──────── SUPPLIED DATA

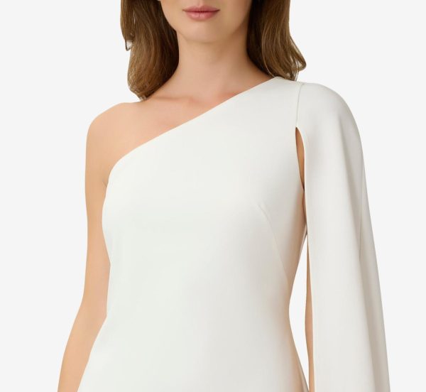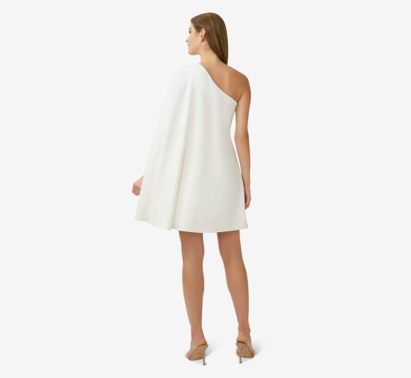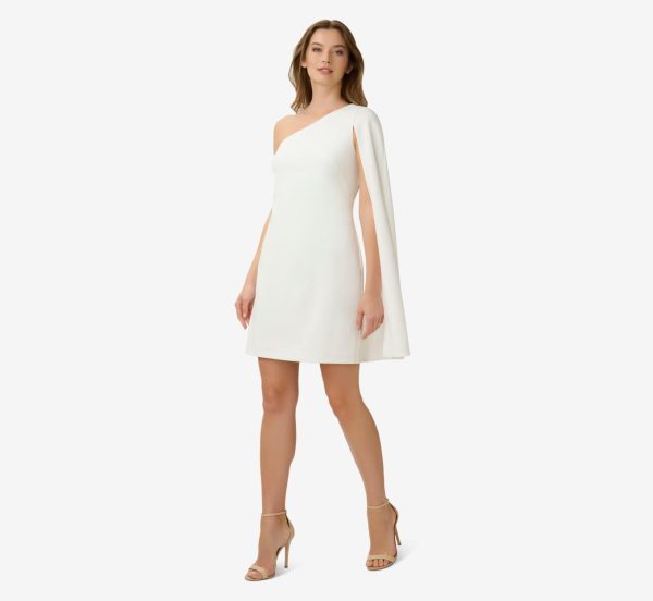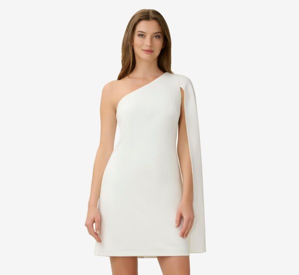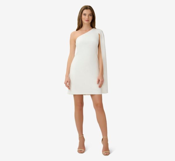 Equal parts chic and comfortable, our one-shoulder cocktail dress, fashioned from a stretch knit crepe fabric, brings the drama with the superstar-worthy back cape. This sleeveless design in an easy-fitting sheath silhouette with a flattering no waist seam design and a sleek side hook-and-eye/zip closure.
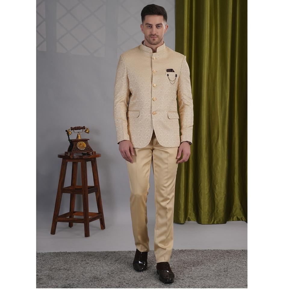 ชุดสูทผู้ชายสีเบจทันสมัยคุณภาพพรีเมียม แบบ 2 ชิ้น ทรงเข้ารูปทันสมัย เหมาะสำหรับงานเลี้ยงบริษัท งานกลางคืน และงานแต่งงาน มีจำหน่าย
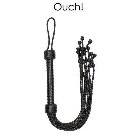 Fouet court en cuir noir tressé avec 9 lanières à double tressage pour procurer des sensations ultimes, par Ouch!
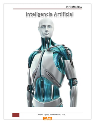 Este documento trata sobre la inteligencia artificial. Explica que la inteligencia artificial es el estudio de cómo crear entidades capaces de resolver problemas usando la inteligencia humana como paradigma. Describe cuatro categorías principales de sistemas de inteligencia artificial: sistemas que piensan como humanos, sistemas que actúan como humanos, sistemas que piensan racionalmente y sistemas que actúan racionalmente. También discute la posibilidad de incorporar componentes emocionales en los sistemas de inteligencia artificial para aumentar su efic
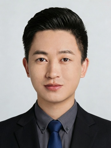 正式西装蓝色领带求职男生蓝底证件照
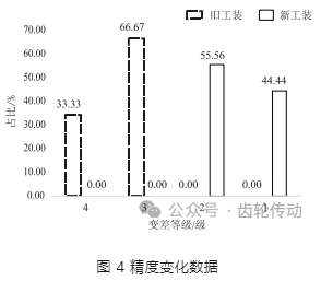 圖 4 為新舊工裝精度等級(jí)變化分布。多輪試驗(yàn)數(shù)據(jù)抽取顯示,采用矩陣式新工裝結(jié)構(gòu),齒輪精度最大變差從 4 級(jí)降低至 2 級(jí),有效減少 2 級(jí)。且精度變化 2 級(jí)從舊工裝 0%增加至新工裝100%, 占比有效提升 100%。
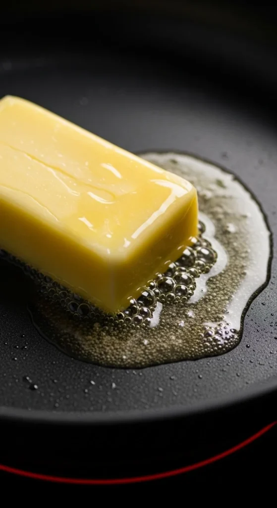 Butter should melt gently in the pan, not sizzle aggressively. This signals that the heat level is correct.
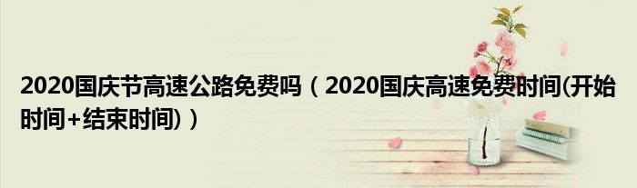 大家好,綜合小編來為大家講解下。2020國慶節高速公路免費嗎,2020國慶高速免費時間(開始時間+結束時間)很多人還不知道,現在讓我們一起來看看吧!
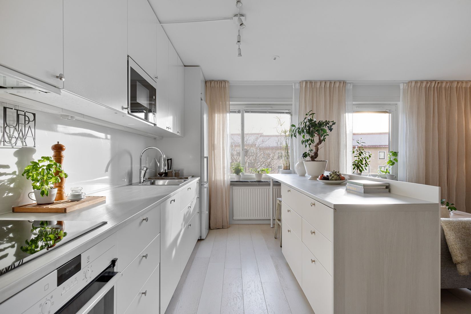 Innanför entrédörren möts du av en entré med plats för avhängning i garderob. Vidare öppnar bostaden upp sig i en social och luftig planlösning där kök, matplats och vardagsrum samspelar på ett naturligt sätt. Det moderna köket är utrustat med diskmaskin och en praktisk köksö som bidrar med både extra arbetsyta och förvaring, vilket är perfekt för vardagens bestyr eller festliga middagsförberedelser. Vardagsrumsdelen erbjuder gott om plats för en mysig TV-hörna. Här erbjuds ett mindre sovrum, med fönster mot innergården, som lämpar sig utmärkt som barnrum, gästrum eller hemmakontor och som rymmer förvaring i en dubbelgarderob. Det större sovrummet har gott om plats för dubbelsäng och har direkt utgång till bostadens balkong med utsikt mot parken. Här finns även en rymlig klädkammare som bidrar med utmärkt förvaring. Det kaklade badrummet är utrustat med duschvägg, kommod, spegelskåp med belysning samt tvättmaskin som förenklar vardagen ytterligare. Till lägenheten finns två förråd att nyttja, varav ett matkällarförråd.
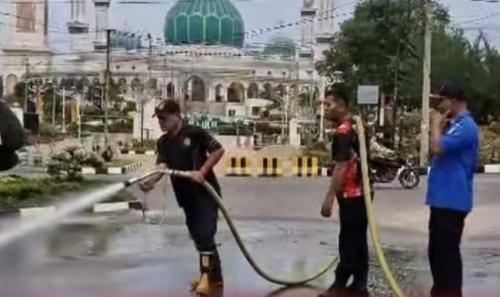 Sambut HUT ke-26, Pemkab Rohul Percantik Jalan Protokol dan Islamic Center
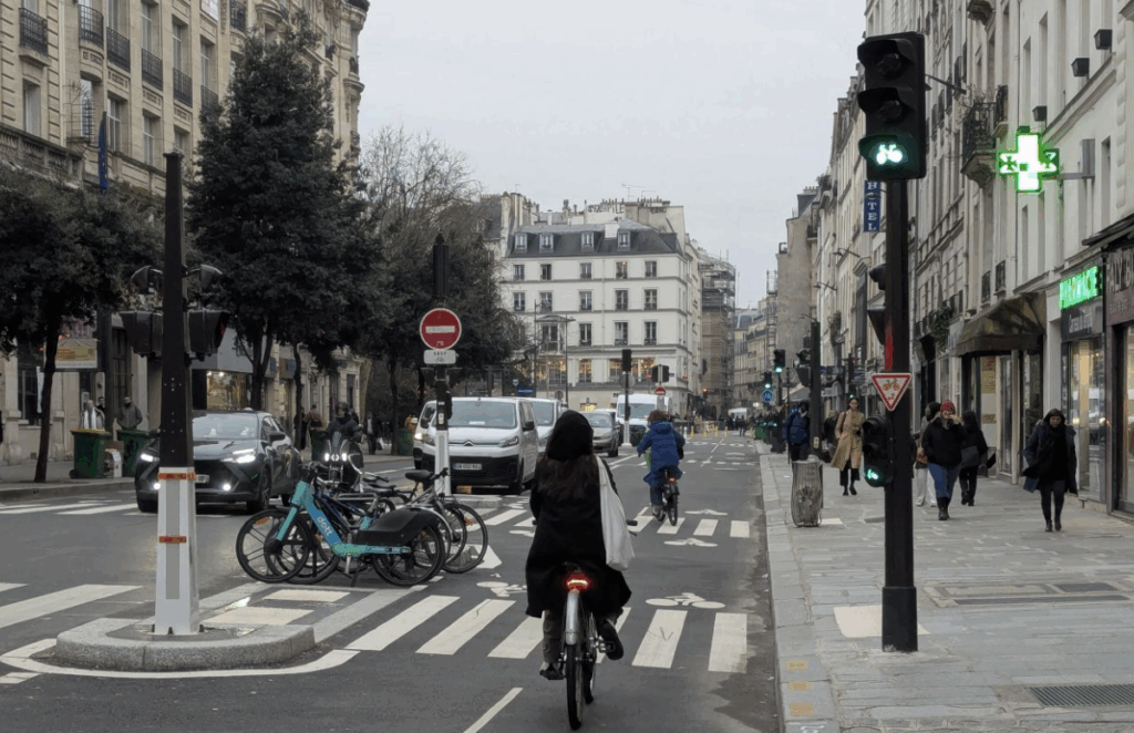 - des passages piétons régulés par le feu tricolore, avec une « pression piétonne » telle qu’elle déborde de la largeur du passage piétons. Certain·es se positionnent donc sans s’en rendre compte entre le feu et les cyclistes qui s’en approchent. C’est notamment le cas le long de la Rue de Rivoli (4e) et des quais de la rive gauche.
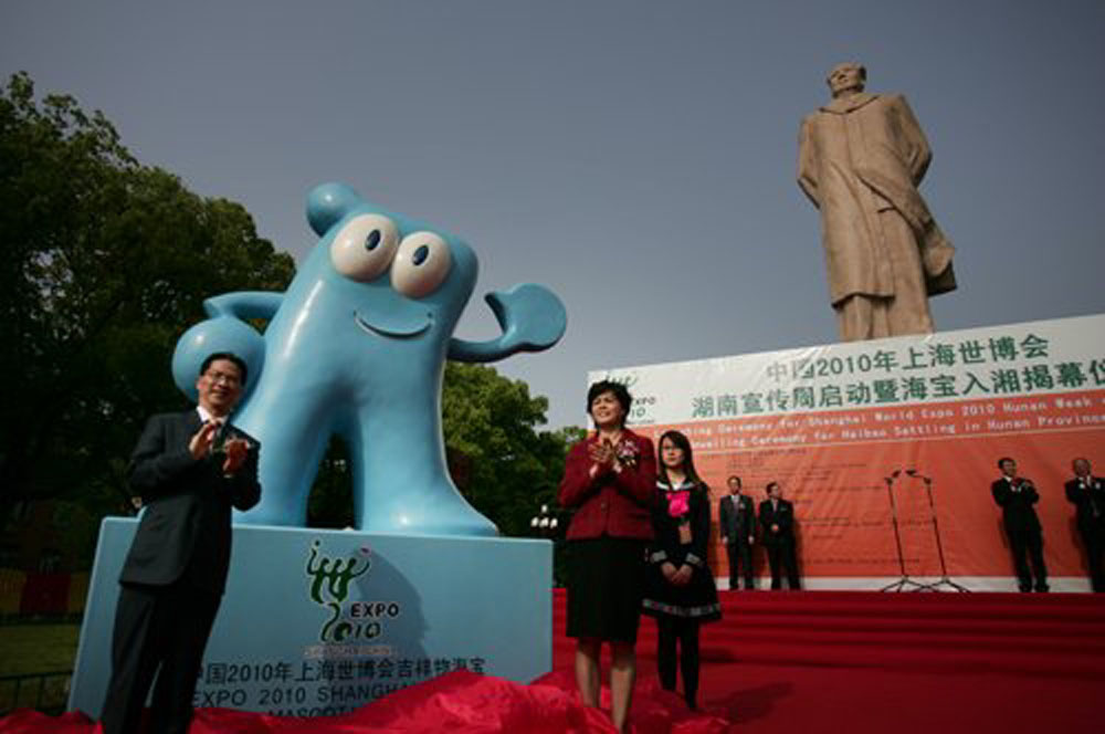 4月20日上午,上海世博會吉祥物「海寶」入湘揭幕儀式在湖南大學東方紅廣場舉行,湖南省人民政府副省長、湖南參博籌委會常務副主任甘霖與民建中央副主席、上海市政協副主席、上海世博會執委會副主任周漢民出席儀式並為「海寶」揭幕。上海世博局國內參展顧問黃耀誠主持揭幕儀式。湖南省人民政府、上海世博會執委會有關領導、國內外相關專家學者、高校學生、國內外新聞媒體共300人參加了揭幕儀式。

────────────────

### TASK TO COMPLETE
The stretch to restate runs from the line above containing "Este documento trata" through the line containing "大家好,綜合小編來為大家講解". Copy it word for word, ends included, without pictures.

### RESULT OF THE EXERCISE
 Este documento trata sobre la inteligencia artificial. Explica que la inteligencia artificial es el estudio de cómo crear entidades capaces de resolver problemas usando la inteligencia humana como paradigma. Describe cuatro categorías principales de sistemas de inteligencia artificial: sistemas que piensan como humanos, sistemas que actúan como humanos, sistemas que piensan racionalmente y sistemas que actúan racionalmente. También discute la posibilidad de incorporar componentes emocionales en los sistemas de inteligencia artificial para aumentar su efic
 正式西装蓝色领带求职男生蓝底证件照
 圖 4 為新舊工裝精度等級(jí)變化分布。多輪試驗(yàn)數(shù)據(jù)抽取顯示,采用矩陣式新工裝結(jié)構(gòu),齒輪精度最大變差從 4 級(jí)降低至 2 級(jí),有效減少 2 級(jí)。且精度變化 2 級(jí)從舊工裝 0%增加至新工裝100%, 占比有效提升 100%。
 Butter should melt gently in the pan, not sizzle aggressively. This signals that the heat level is correct.
 大家好,綜合小編來為大家講解下。2020國慶節高速公路免費嗎,2020國慶高速免費時間(開始時間+結束時間)很多人還不知道,現在讓我們一起來看看吧!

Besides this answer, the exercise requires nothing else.